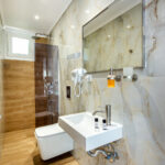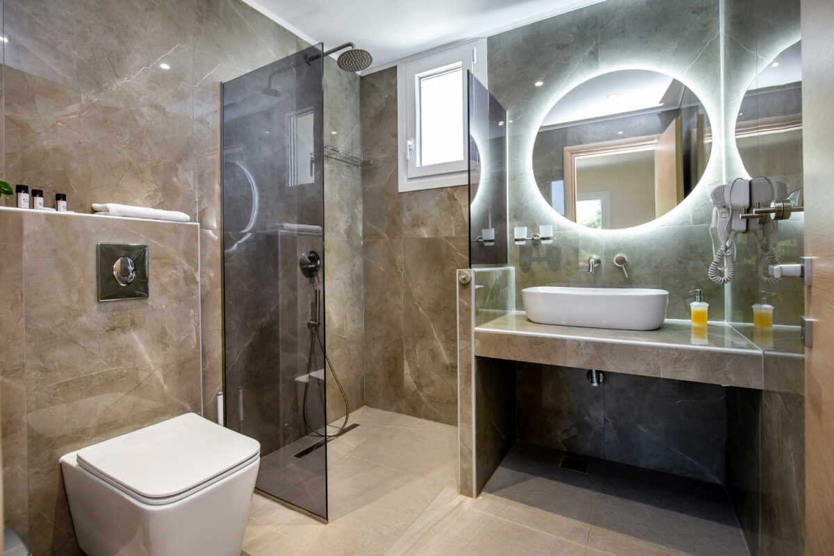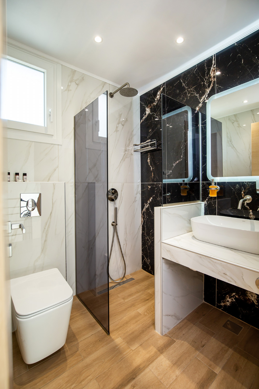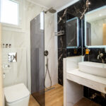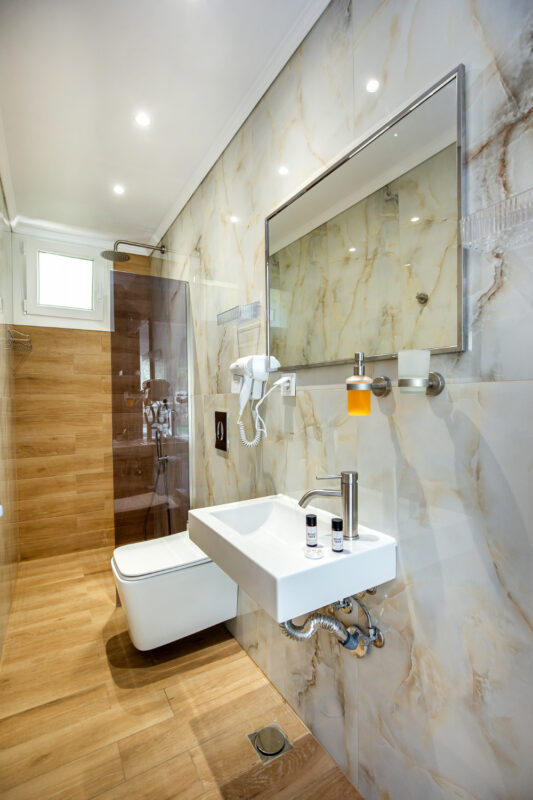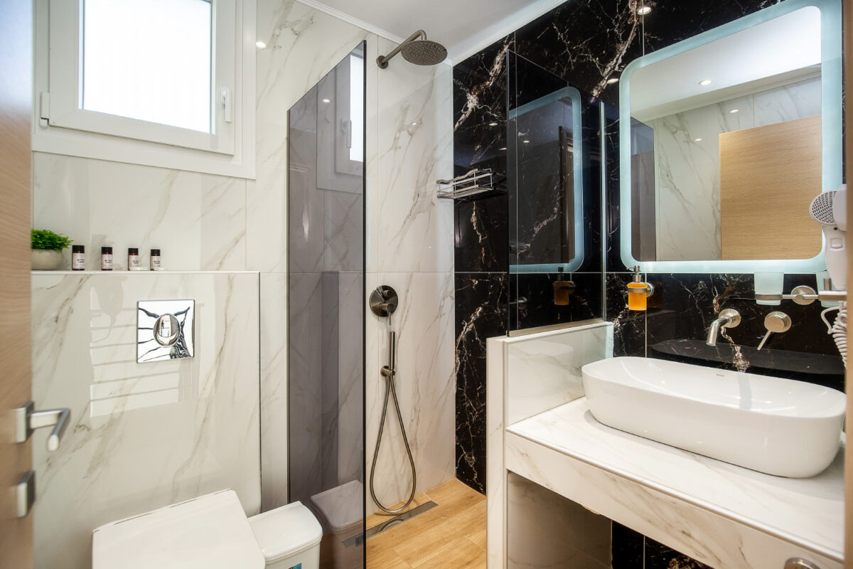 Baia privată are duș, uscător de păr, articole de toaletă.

--

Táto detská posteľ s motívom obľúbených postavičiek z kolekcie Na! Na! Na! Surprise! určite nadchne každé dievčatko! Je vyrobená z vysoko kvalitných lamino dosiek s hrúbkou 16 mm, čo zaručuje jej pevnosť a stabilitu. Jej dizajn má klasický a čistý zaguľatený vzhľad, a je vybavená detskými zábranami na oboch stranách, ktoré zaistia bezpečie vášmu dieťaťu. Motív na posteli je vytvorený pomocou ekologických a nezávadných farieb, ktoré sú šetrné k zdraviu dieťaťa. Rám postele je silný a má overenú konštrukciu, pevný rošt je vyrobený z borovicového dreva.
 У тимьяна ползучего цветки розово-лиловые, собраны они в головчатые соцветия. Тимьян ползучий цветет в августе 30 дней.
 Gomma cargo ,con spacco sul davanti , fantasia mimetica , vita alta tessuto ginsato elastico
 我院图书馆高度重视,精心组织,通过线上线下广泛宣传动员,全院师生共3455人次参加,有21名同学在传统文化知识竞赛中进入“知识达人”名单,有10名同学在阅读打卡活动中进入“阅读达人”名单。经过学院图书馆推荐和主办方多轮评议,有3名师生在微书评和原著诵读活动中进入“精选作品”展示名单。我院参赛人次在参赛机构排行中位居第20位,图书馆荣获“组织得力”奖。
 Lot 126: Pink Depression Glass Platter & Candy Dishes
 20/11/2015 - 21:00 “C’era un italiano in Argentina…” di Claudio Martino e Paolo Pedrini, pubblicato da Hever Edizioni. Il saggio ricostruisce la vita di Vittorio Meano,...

## EXERCISE PROMPT
In the entries above, find each line with "vita" and list it.

## RESPONSE FOR THIS EXERCISE
 Gomma cargo ,con spacco sul davanti , fantasia mimetica , vita alta tessuto ginsato elastico
 20/11/2015 - 21:00 “C’era un italiano in Argentina…” di Claudio Martino e Paolo Pedrini, pubblicato da Hever Edizioni. Il saggio ricostruisce la vita di Vittorio Meano,...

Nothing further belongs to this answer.